§ **Entries provided**:

╔══

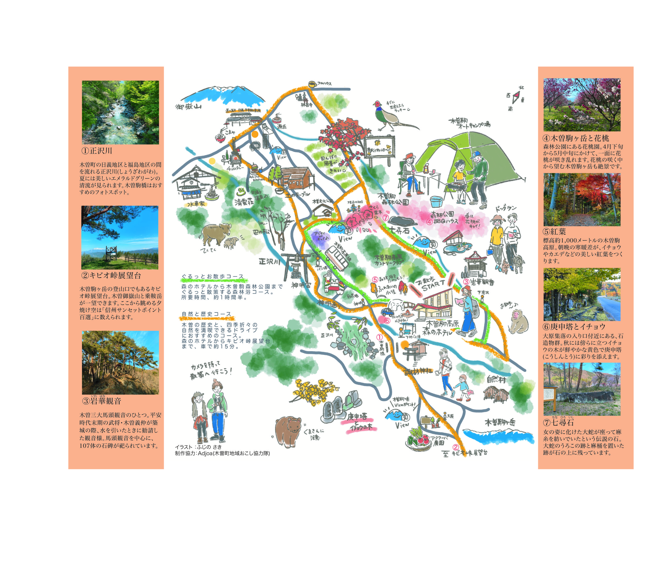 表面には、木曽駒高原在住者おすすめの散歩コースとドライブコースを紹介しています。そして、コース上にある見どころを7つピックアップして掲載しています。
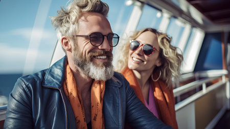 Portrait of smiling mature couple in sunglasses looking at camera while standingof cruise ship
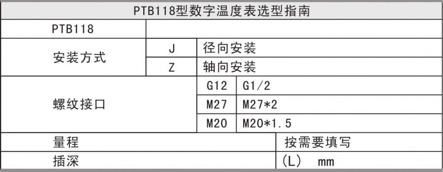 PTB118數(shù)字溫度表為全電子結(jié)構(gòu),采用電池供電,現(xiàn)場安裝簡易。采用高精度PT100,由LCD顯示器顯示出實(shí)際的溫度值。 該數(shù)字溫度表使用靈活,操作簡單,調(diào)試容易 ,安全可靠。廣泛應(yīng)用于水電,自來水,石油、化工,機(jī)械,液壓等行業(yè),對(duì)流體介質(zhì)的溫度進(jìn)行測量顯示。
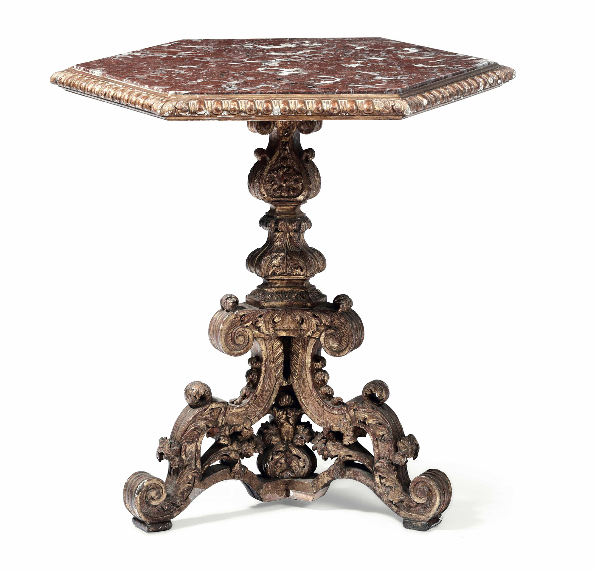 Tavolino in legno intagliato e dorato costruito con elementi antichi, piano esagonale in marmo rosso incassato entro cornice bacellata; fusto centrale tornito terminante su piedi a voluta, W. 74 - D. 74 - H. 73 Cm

╚══
╔══

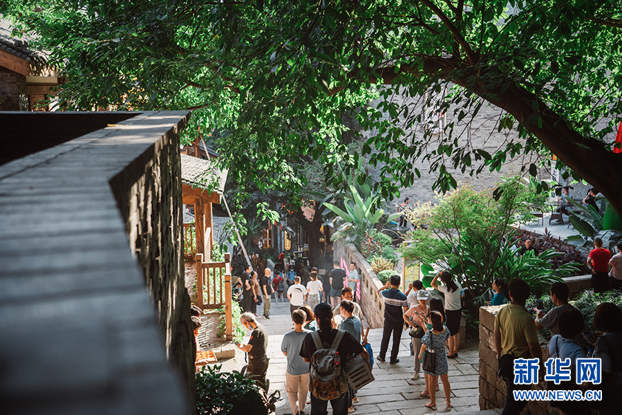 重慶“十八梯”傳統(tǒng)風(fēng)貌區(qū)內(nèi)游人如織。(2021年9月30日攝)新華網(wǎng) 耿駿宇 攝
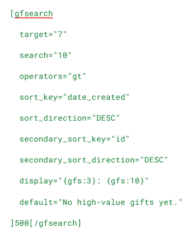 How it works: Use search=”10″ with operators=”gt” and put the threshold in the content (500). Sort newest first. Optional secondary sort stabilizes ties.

╚══

Out of the records above, please copy exactly the lines from the line with "表面には、木曽駒高原在住者お" up to and including the line with "Tavolino in legno", minus the pictures.

 表面には、木曽駒高原在住者おすすめの散歩コースとドライブコースを紹介しています。そして、コース上にある見どころを7つピックアップして掲載しています。
 Portrait of smiling mature couple in sunglasses looking at camera while standingof cruise ship
 PTB118數(shù)字溫度表為全電子結(jié)構(gòu),采用電池供電,現(xiàn)場安裝簡易。采用高精度PT100,由LCD顯示器顯示出實(shí)際的溫度值。 該數(shù)字溫度表使用靈活,操作簡單,調(diào)試容易 ,安全可靠。廣泛應(yīng)用于水電,自來水,石油、化工,機(jī)械,液壓等行業(yè),對(duì)流體介質(zhì)的溫度進(jìn)行測量顯示。
 Tavolino in legno intagliato e dorato costruito con elementi antichi, piano esagonale in marmo rosso incassato entro cornice bacellata; fusto centrale tornito terminante su piedi a voluta, W. 74 - D. 74 - H. 73 Cm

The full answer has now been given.